■ What is needed
The output should be the listing below, limited to the lines from the one with "Black-and-white photo of" through the one with "Pasta Fresca je", exact and without pictures.

■ Data records
□ □ □ □ □ □ □

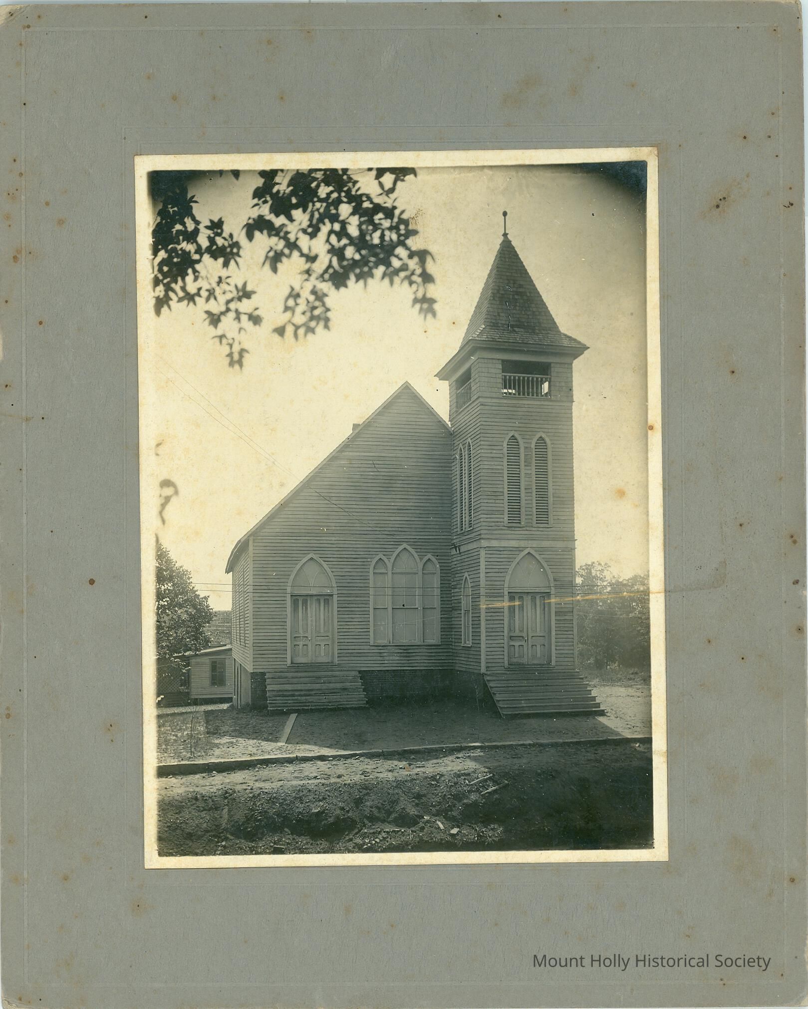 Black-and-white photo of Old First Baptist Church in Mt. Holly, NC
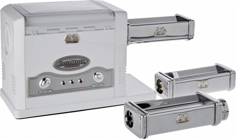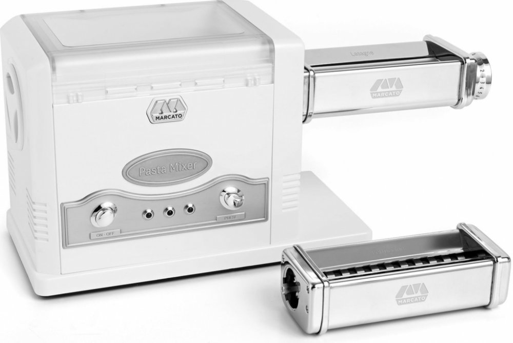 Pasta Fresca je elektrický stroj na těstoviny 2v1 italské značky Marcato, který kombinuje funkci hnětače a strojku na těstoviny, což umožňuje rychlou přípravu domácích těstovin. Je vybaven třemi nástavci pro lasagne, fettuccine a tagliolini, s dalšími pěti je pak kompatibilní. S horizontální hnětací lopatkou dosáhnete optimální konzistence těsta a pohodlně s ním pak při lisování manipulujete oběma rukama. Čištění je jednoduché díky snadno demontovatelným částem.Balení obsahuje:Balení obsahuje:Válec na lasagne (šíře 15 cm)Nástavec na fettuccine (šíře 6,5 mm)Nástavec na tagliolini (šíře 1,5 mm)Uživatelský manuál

□ □ □ □ □ □ □

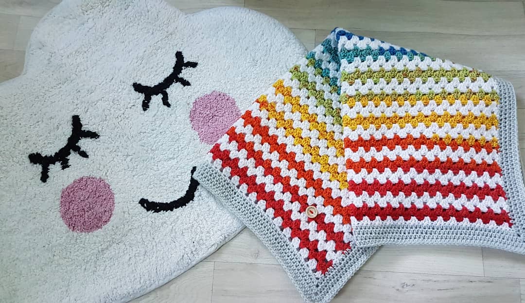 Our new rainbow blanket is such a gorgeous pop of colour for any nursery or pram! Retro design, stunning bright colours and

□ □ □ □ □ □ □

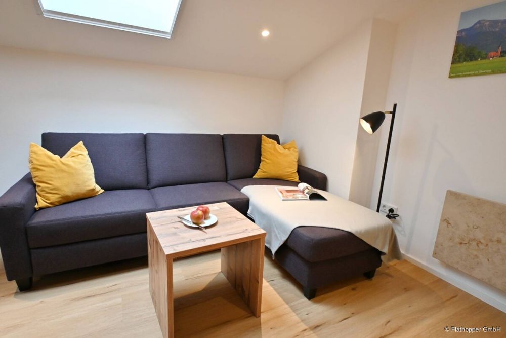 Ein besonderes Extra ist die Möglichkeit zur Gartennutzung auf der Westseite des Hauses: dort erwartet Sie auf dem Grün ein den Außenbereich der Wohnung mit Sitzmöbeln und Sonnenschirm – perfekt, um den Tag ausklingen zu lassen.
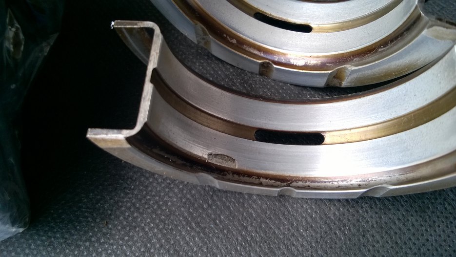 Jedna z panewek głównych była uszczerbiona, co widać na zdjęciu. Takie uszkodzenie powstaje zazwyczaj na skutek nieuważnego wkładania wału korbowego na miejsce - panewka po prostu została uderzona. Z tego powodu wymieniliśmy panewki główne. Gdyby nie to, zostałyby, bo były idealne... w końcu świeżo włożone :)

□ □ □ □ □ □ □

■ Response to the exercise
 Black-and-white photo of Old First Baptist Church in Mt. Holly, NC
 Pasta Fresca je elektrický stroj na těstoviny 2v1 italské značky Marcato, který kombinuje funkci hnětače a strojku na těstoviny, což umožňuje rychlou přípravu domácích těstovin. Je vybaven třemi nástavci pro lasagne, fettuccine a tagliolini, s dalšími pěti je pak kompatibilní. S horizontální hnětací lopatkou dosáhnete optimální konzistence těsta a pohodlně s ním pak při lisování manipulujete oběma rukama. Čištění je jednoduché díky snadno demontovatelným částem.Balení obsahuje:Balení obsahuje:Válec na lasagne (šíře 15 cm)Nástavec na fettuccine (šíře 6,5 mm)Nástavec na tagliolini (šíře 1,5 mm)Uživatelský manuál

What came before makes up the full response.